Problem to work on:
In the entries below, how many lines include "This"? Reply with the number and nothing more.

Task material:
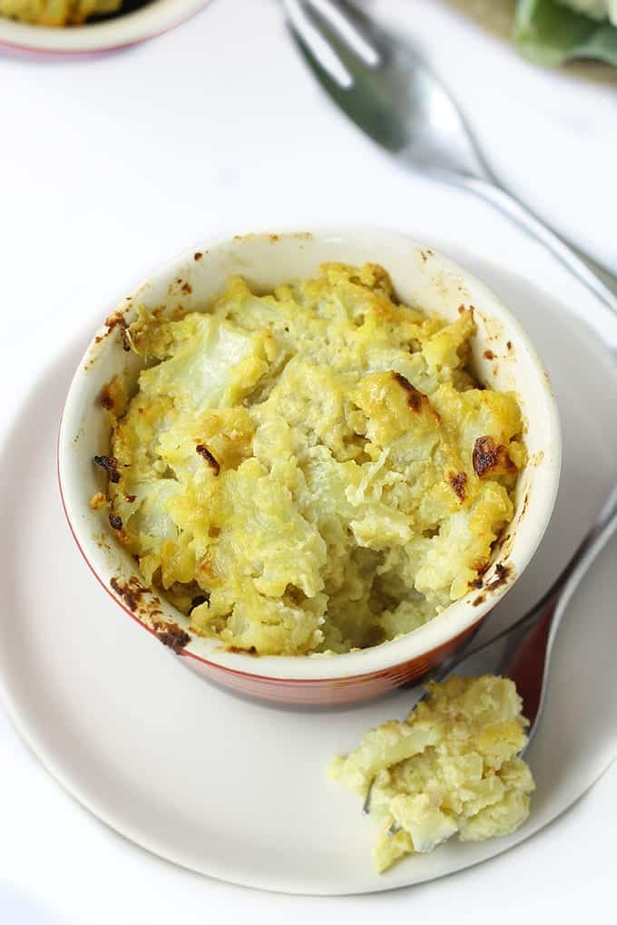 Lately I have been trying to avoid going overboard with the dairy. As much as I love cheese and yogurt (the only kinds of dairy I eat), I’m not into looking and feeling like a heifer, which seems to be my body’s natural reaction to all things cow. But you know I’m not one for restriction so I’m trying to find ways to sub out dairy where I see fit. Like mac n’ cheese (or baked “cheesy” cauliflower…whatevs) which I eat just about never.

---

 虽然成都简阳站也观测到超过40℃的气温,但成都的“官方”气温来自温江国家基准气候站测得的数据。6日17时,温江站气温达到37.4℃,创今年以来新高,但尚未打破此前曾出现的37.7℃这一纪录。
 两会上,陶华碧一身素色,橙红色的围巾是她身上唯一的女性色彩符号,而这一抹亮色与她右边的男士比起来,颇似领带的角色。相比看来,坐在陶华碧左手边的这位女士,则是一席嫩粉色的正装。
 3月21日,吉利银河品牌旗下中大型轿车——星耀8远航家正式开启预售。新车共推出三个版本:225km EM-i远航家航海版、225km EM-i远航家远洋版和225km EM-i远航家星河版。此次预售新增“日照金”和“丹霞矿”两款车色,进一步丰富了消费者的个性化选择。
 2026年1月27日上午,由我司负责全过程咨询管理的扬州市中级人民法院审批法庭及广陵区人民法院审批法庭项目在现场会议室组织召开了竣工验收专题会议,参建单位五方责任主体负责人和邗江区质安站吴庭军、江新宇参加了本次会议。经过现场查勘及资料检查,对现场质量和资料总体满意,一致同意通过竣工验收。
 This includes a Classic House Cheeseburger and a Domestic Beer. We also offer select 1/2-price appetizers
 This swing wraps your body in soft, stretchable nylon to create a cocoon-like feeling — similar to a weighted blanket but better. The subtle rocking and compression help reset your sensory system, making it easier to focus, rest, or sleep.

Answer section:
2